Data records Block Start

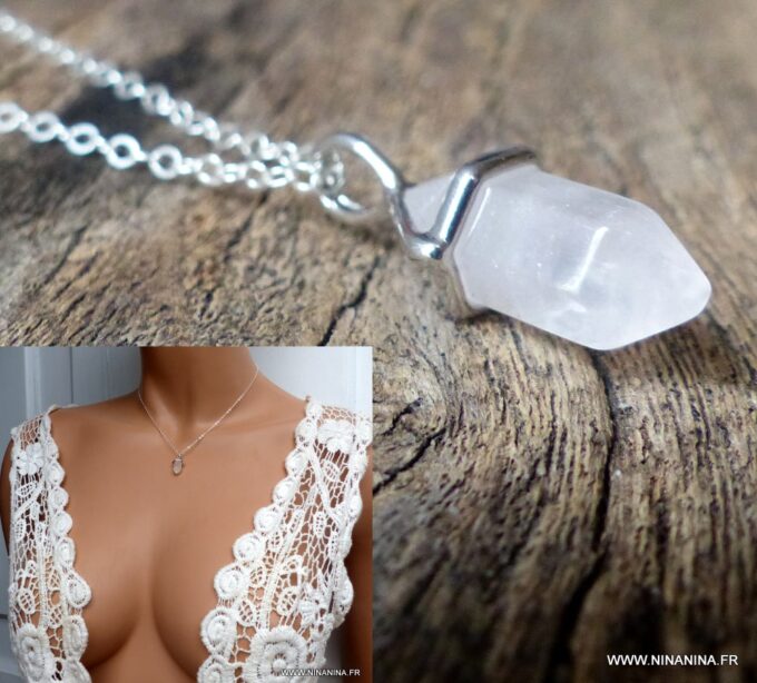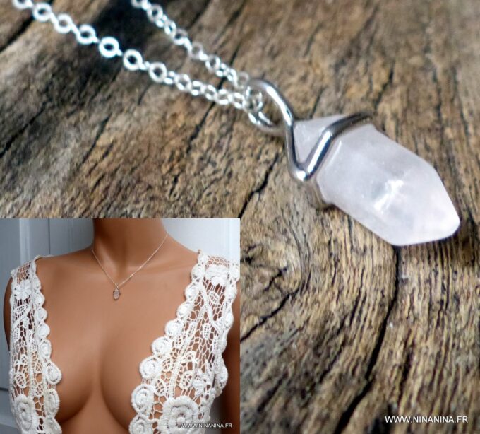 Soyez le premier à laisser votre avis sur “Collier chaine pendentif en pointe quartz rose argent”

Data records Block End
Data records Block Start

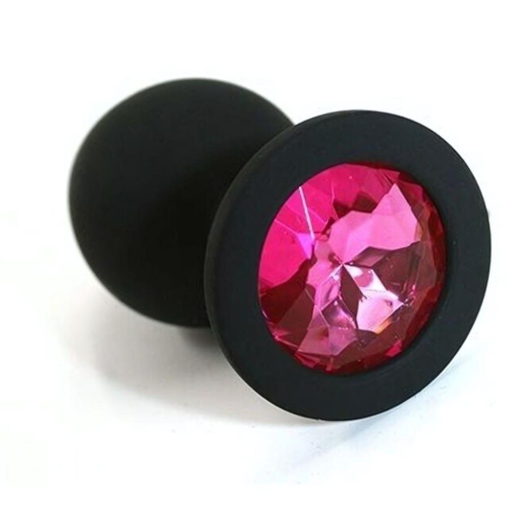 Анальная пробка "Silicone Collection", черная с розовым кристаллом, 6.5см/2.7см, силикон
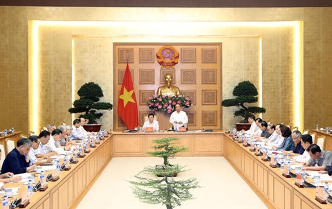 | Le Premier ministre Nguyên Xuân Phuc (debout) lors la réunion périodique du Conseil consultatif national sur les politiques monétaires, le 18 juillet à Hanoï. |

Data records Block End

Problem: From the records above, output only the lines starting at the one containing "кристаллом, 6.5см/2.7см, силикон" and ending at the one containing "juillet à Hanoï. |", word for word. Pictures stay out.

Worked solution:
 Анальная пробка "Silicone Collection", черная с розовым кристаллом, 6.5см/2.7см, силикон
 | Le Premier ministre Nguyên Xuân Phuc (debout) lors la réunion périodique du Conseil consultatif national sur les politiques monétaires, le 18 juillet à Hanoï. |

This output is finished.